*** Opening Input data ***
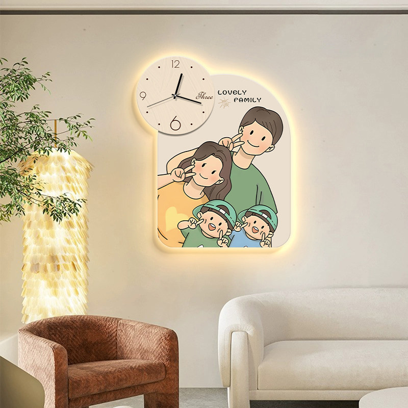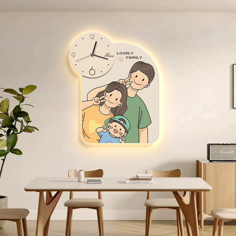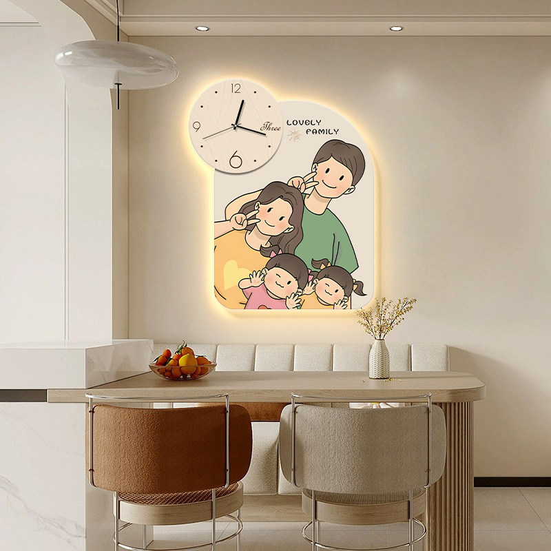 📚 一家三四口时钟表挂钟客厅家用挂画网红餐厅装饰画创意挂墙壁画灯
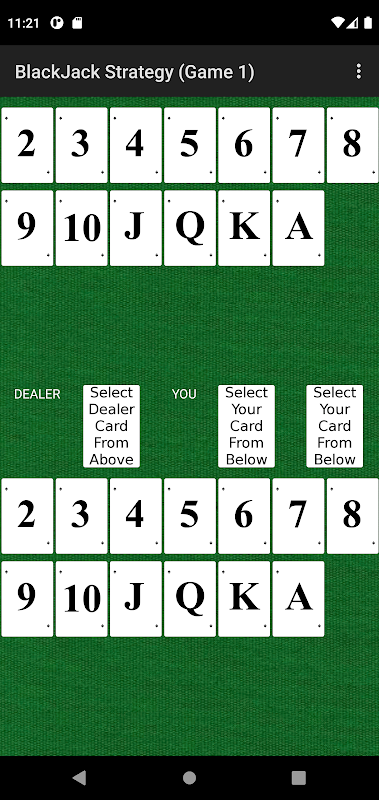 แอปพลิเคชั่นตัวช่วย BlackJack ที่ยอดเยี่ยมสำหรับผู้เริ่มต้น รู้ทันทีว่าจะตี ยืน ดับเบิ้ลดาวน์ หรือแยกระหว่างเกมแบล็คแจ็ค คุณจะเลือกไพ่ที่หงายของเจ้ามือและไพ่ในมือของคุณ แอปพลิเคชั่นจะบอกวิธีการเล่นของคุณอย่างรวดเร็ว
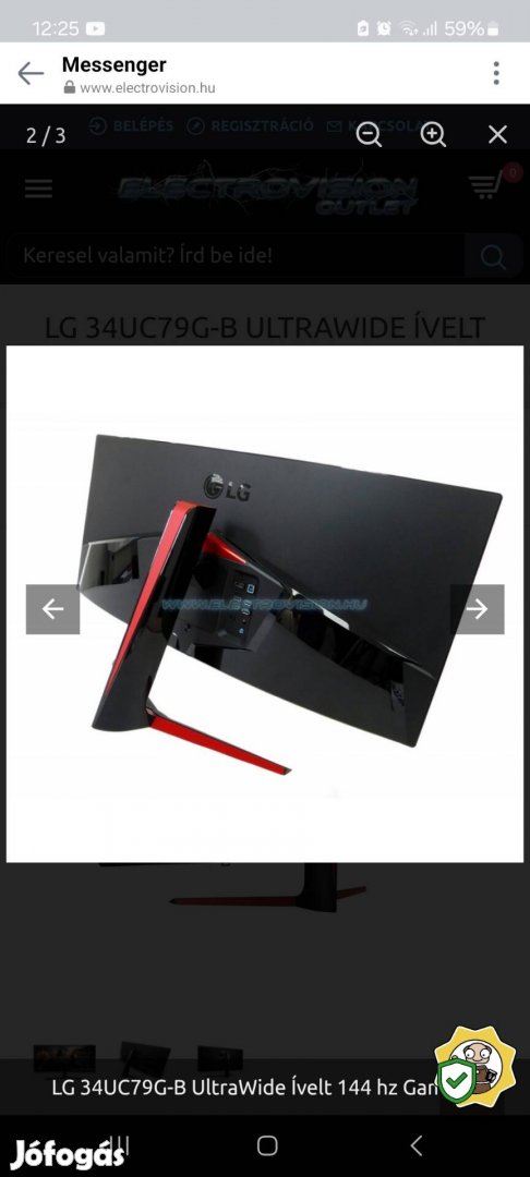 Eladó használt Lg ivelt monitor 86 cm.i
*** Closing Input data ***
Your objective: Leaving the pictures aside, copy exactly and only the lines from the one holding "แอปพลิเคชั่นตัวช่วย BlackJack ที่ยอดเยี่ยมสำหรับผู้เริ่มต้น" through the final line of the data, both ends kept.

Solution to the exercise:
 แอปพลิเคชั่นตัวช่วย BlackJack ที่ยอดเยี่ยมสำหรับผู้เริ่มต้น รู้ทันทีว่าจะตี ยืน ดับเบิ้ลดาวน์ หรือแยกระหว่างเกมแบล็คแจ็ค คุณจะเลือกไพ่ที่หงายของเจ้ามือและไพ่ในมือของคุณ แอปพลิเคชั่นจะบอกวิธีการเล่นของคุณอย่างรวดเร็ว
 Eladó használt Lg ivelt monitor 86 cm.i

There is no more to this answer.